» PROBLEM REQUIREMENTS: Wherever pictures appear in the listing below, leave them out, and copy exactly, and only, everything from the line with "Panoterių miestelio gyventojai, pakviesti" down to the line with "Viagens, Casa, Trabalho/JogosANTUVI".

┏━━

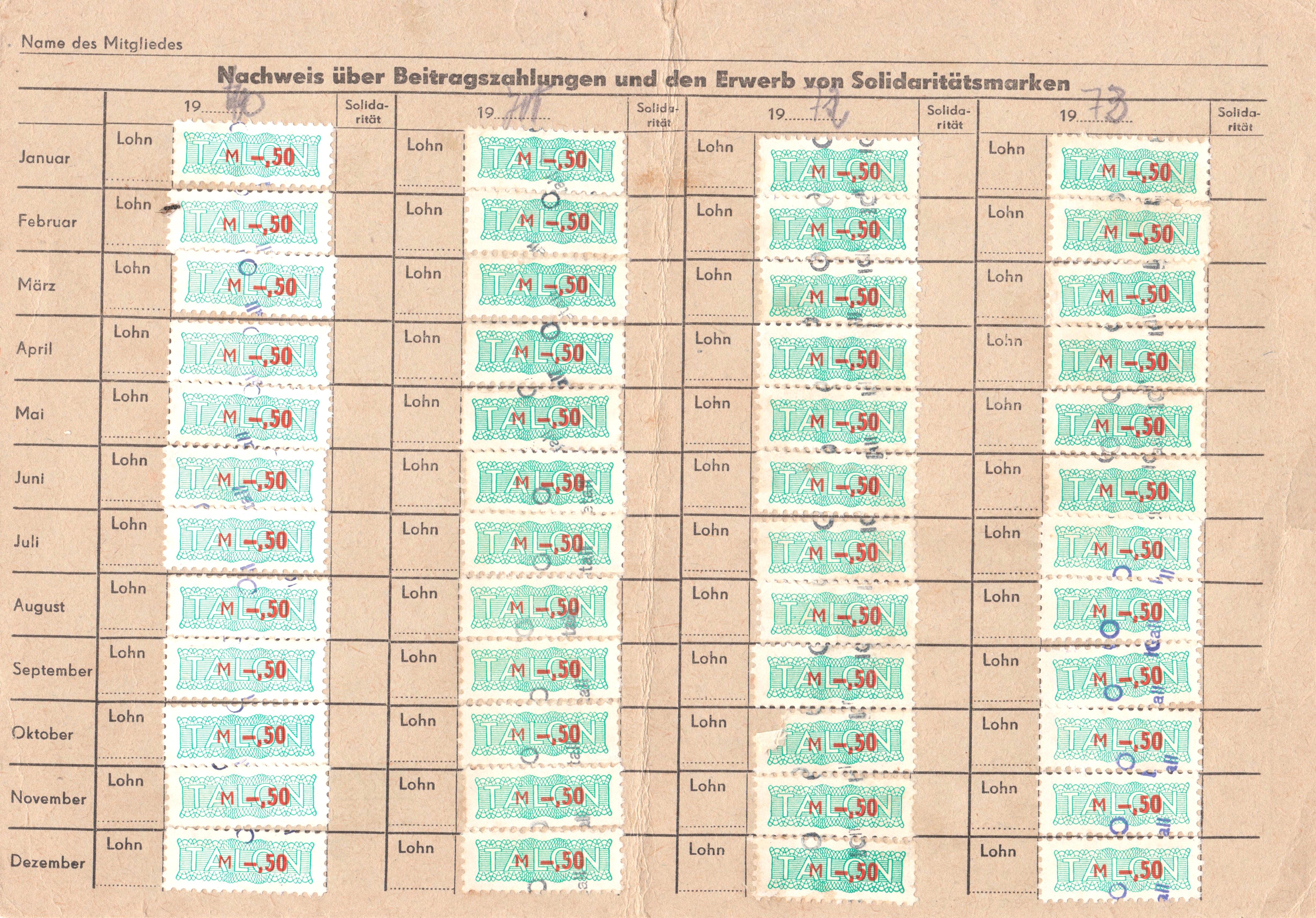 Der Wert der zu erwerbenden Solidaritätsmarke richtete sich nach der Höhe des Arbeitseinkommens und betrug i.d.R. ca. 20% des monatlichen Mitgliedsbeitrages.
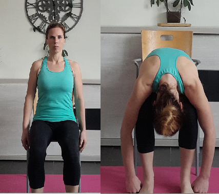 **Tenez-vous derrière votre chaise, de manière à avoir suffisamment d’espace pour avoir les bras tendus lors de la flexion avant.
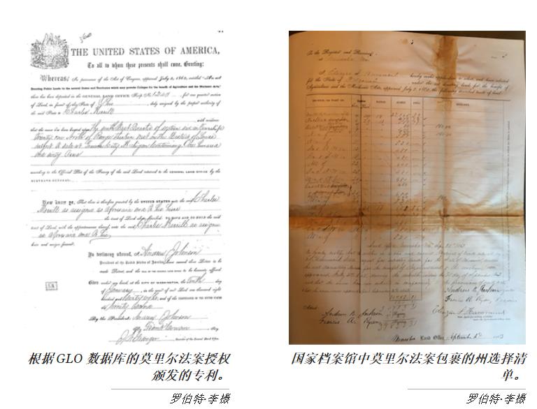 在确定捐赠地块过程中,为了填补GLO 数据库存在的空白,作者对档案和印刷资料进行了研究。最主要的档案来源是华盛顿特区国家档案馆的土地管理局记录中包含的州拨款清单。
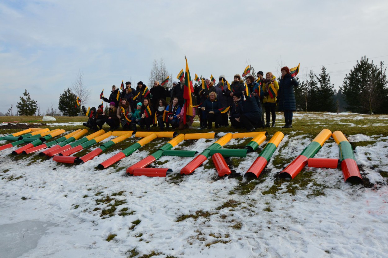 Panoterių miestelio gyventojai, pakviesti seniūnaičio Eugenijaus Šeinausko, kūrė vėliavos spalvų instaliaciją.
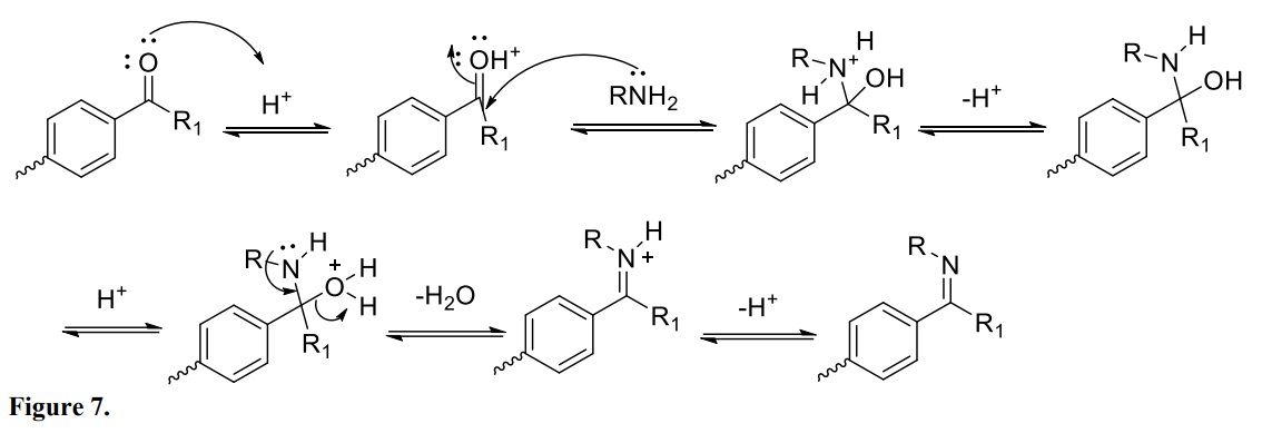 There is a big similarity between carbonyl and the imine groups. Therefore, their reaction is very similar, but the reactivity of the carbonyl group is higher than the imine group because the electronegativity of oxygen is greater than nitrogen. To increase the reactivity, Lewis’s acid was used as a catalyst in imine reactions (Chan et al., 2019).
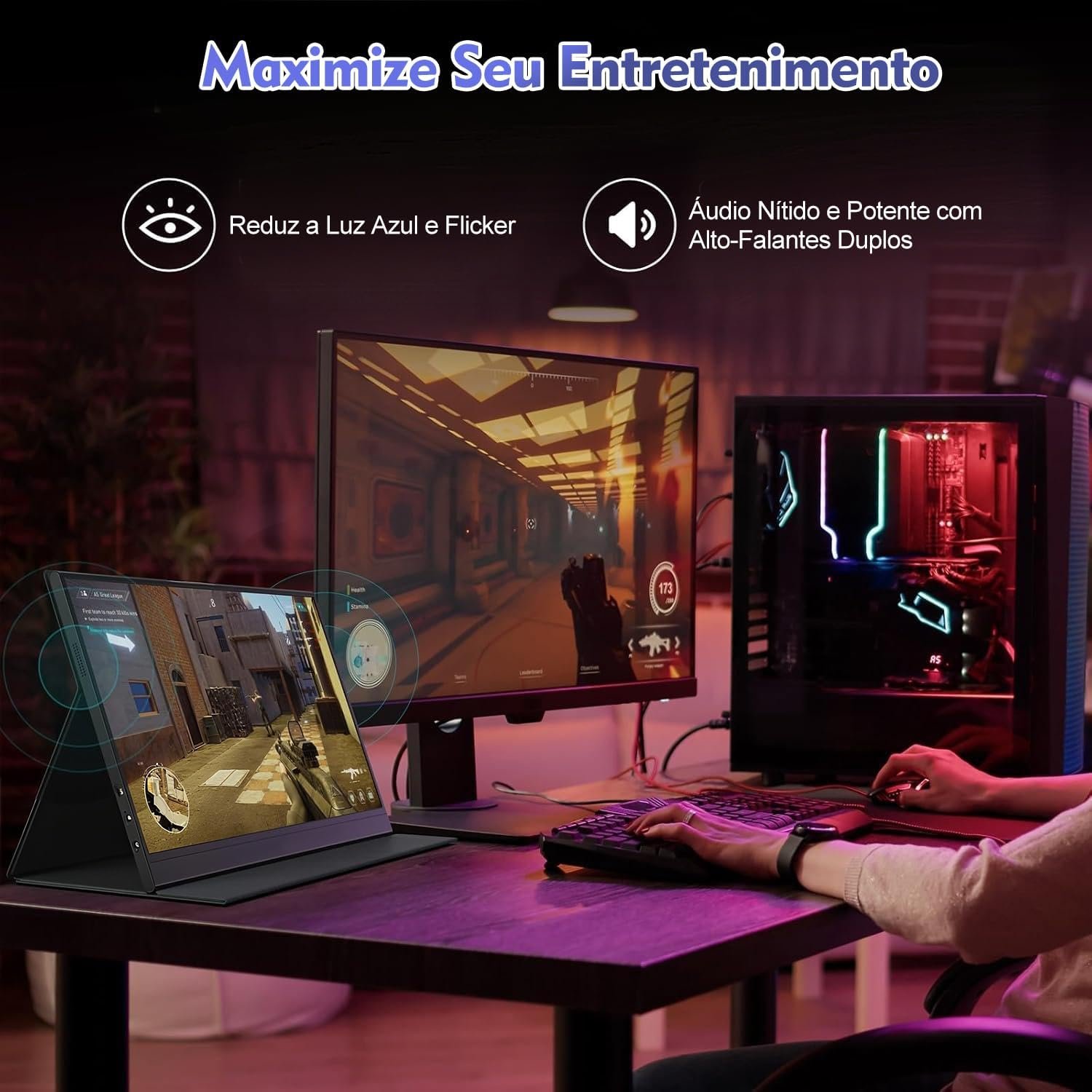 ANTUVI Tocável Portátil Monitor 15.6”+ Case, 1080P, MINI Segunda de Notebook Extensor De Tela, Ultra-Slim e Portátil, com Alto-falante de pé, Adequado para Viagens, Casa, Trabalho/JogosANTUVI Tocável Portátil Monitor 15.6”+ Case, 1080P, MINI Segunda de Notebook Extensor De Tela, Ultra-Slim e Portátil, com Alto-falante de pé, Adequado para Viagens, Casa, Trabalho/Jogos
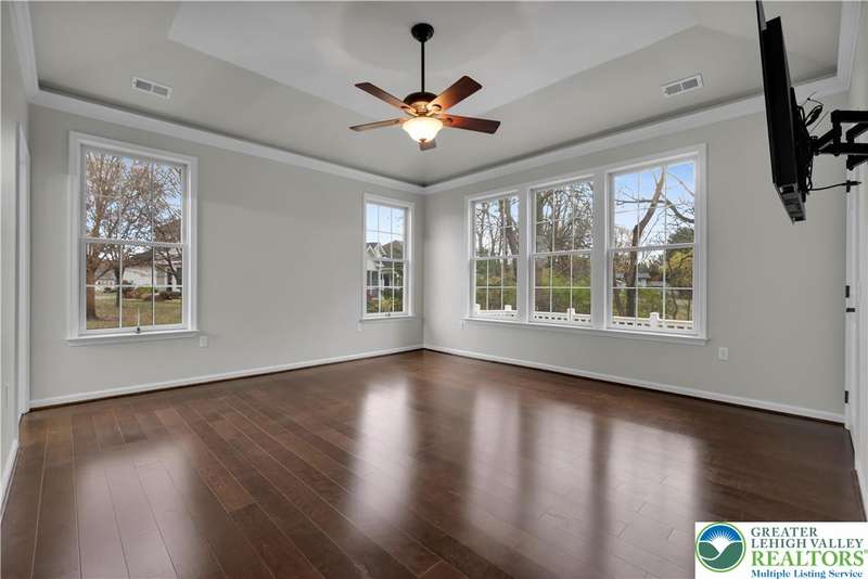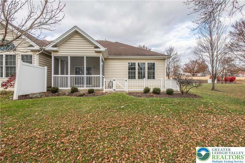 Discover one of the best active-adult, 55+ Communities in "Traditions of America at Hanover." Experience a low-maintenance, enjoyable life, w/resort-style amenities, including a vibrant clubhouse, heated outdoor pool, tennis/pickle ball courts and fitness center. This immaculate 2 Bdrm, 2 Bath Condo is perfectly situated on a spacious lot, w/a private tree-lined backdrop. Step inside to a sun-drenched, 2-story foyer, accentuated by a striking transom window and ceramic plank flooring. Fresh paint and gleaming wood floors flow seamlessly throughout the majority of the home, evoking a timeless and inviting elegance. The open floor plan leads you to a centrally located Kitchen, featuring high end finishes and a cozy breakfast area. A formal Dining Room distinguished by custom millwork and a built-in window seat, is the ideal space for entertaining. The Family Room, w/it's soaring vaulted ceiling, creates an inviting and spacious atmosphere. From here, step out to the screened-in porch and adjoining patio, where you can relax and enjoy the tranquil setting. The exquisite Primary Suite is a true sanctuary, enhanced by a striking tray ceiling that elevates the room and an abundance of windows that bathe the space w/natural light. The stunning NEW En-Ste offers a spa-like experience w/a large walk-in rainfall shower and a built-in shower bench. The 2nd Bedroom and hall Bath offer ample space for guests. An attached 2-car Garage and 2nd floor Bonus Room boasts convenience and added storage. Clear CO included.
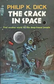 The Crack in Space is a 1966 science fiction novel by American writer Philip K. Dick. In the United Kingdom, it has been published under the title of the original novella, Cantata 140, published in the July 1964 issue of The Magazine of Fantasy & Science Fiction.[1] This original title refers to the short title in English, Sleepers Awake, of J.S. Bach's Cantata BWV 140 and the novel's 'bibs', the millions sleeping in suspended animation. Both are based on the short story Prominent Author.[2] The common elements are the Jiffi-scuttler transport device, the company, Terran Development, that manufactures it (and still exists to play a large role in the later works), and a brief summary of Prominent Author as an event of the past in chapter 2. The "crack in space" is a defect in Jiffi-scuttler operation that allows access to the earth (in Prominent Author) and to parallel earths (in the later works) at various times and locations, beyond its intended use of providing near-instant transport between specific locations on the earth in the present.
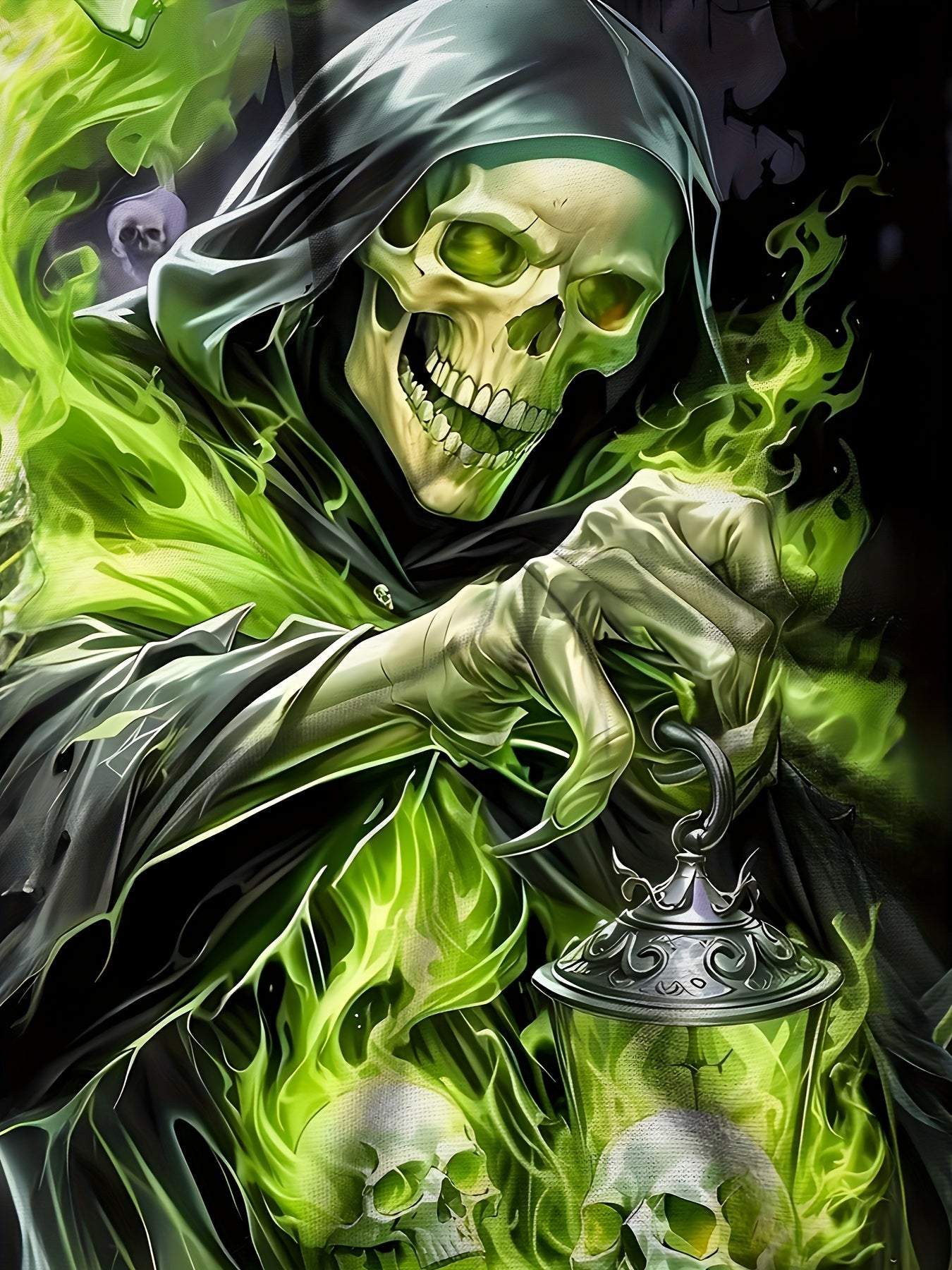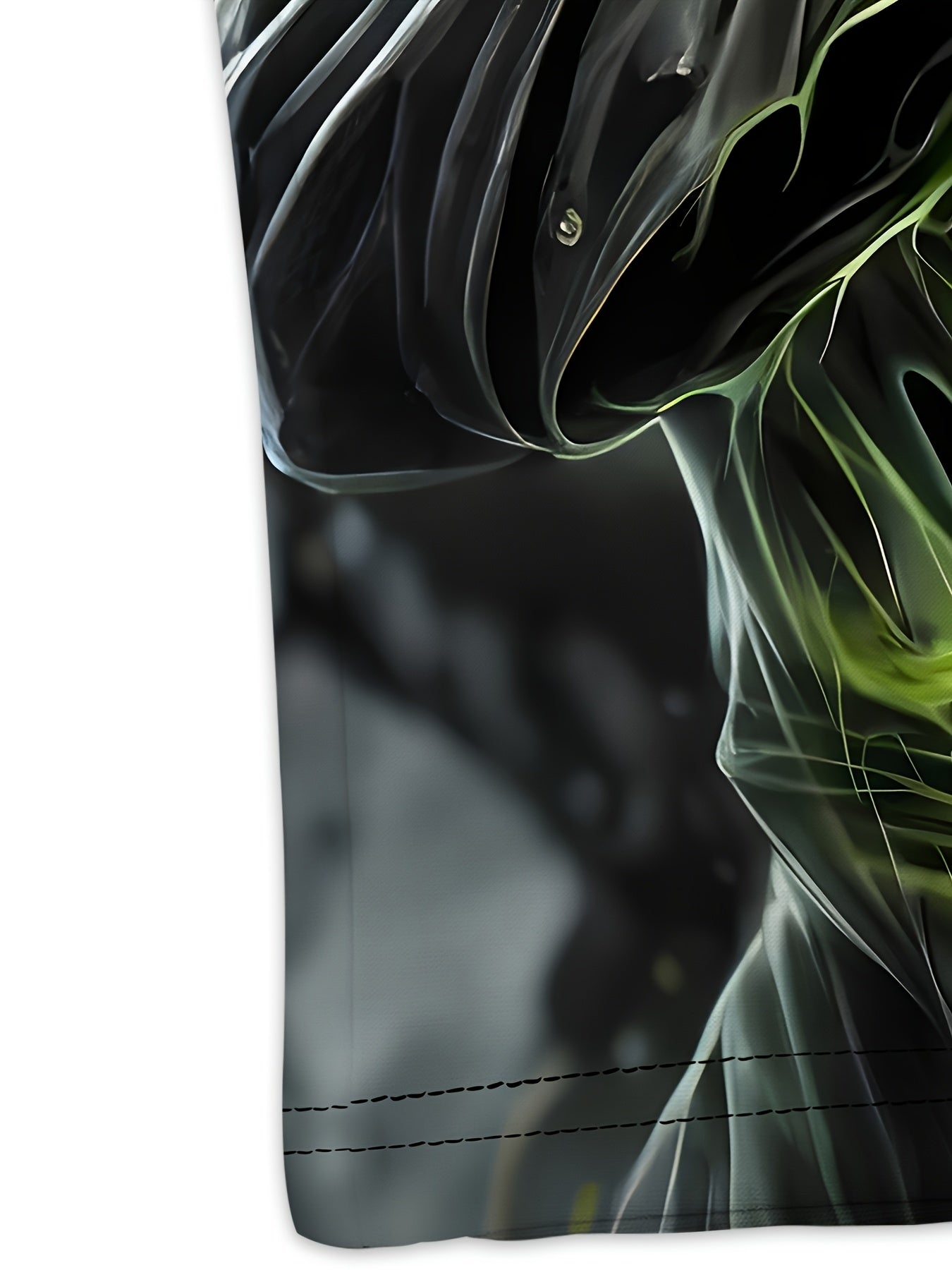Men'S Casual Crew Neck T-Shirt with 3D Skeleton Print, Green Flame and Skulls Design, Lightweight Polyester Fabric, Regular Fit Short Sleeve Tee for Casual Attire, Outdoor Tshirt | Unique Graphic Tee | Durable Casualwea

┗━━

» SOLUTION TO THIS PROBLEM:
 Panoterių miestelio gyventojai, pakviesti seniūnaičio Eugenijaus Šeinausko, kūrė vėliavos spalvų instaliaciją.
 There is a big similarity between carbonyl and the imine groups. Therefore, their reaction is very similar, but the reactivity of the carbonyl group is higher than the imine group because the electronegativity of oxygen is greater than nitrogen. To increase the reactivity, Lewis’s acid was used as a catalyst in imine reactions (Chan et al., 2019).
 ANTUVI Tocável Portátil Monitor 15.6”+ Case, 1080P, MINI Segunda de Notebook Extensor De Tela, Ultra-Slim e Portátil, com Alto-falante de pé, Adequado para Viagens, Casa, Trabalho/JogosANTUVI Tocável Portátil Monitor 15.6”+ Case, 1080P, MINI Segunda de Notebook Extensor De Tela, Ultra-Slim e Portátil, com Alto-falante de pé, Adequado para Viagens, Casa, Trabalho/Jogos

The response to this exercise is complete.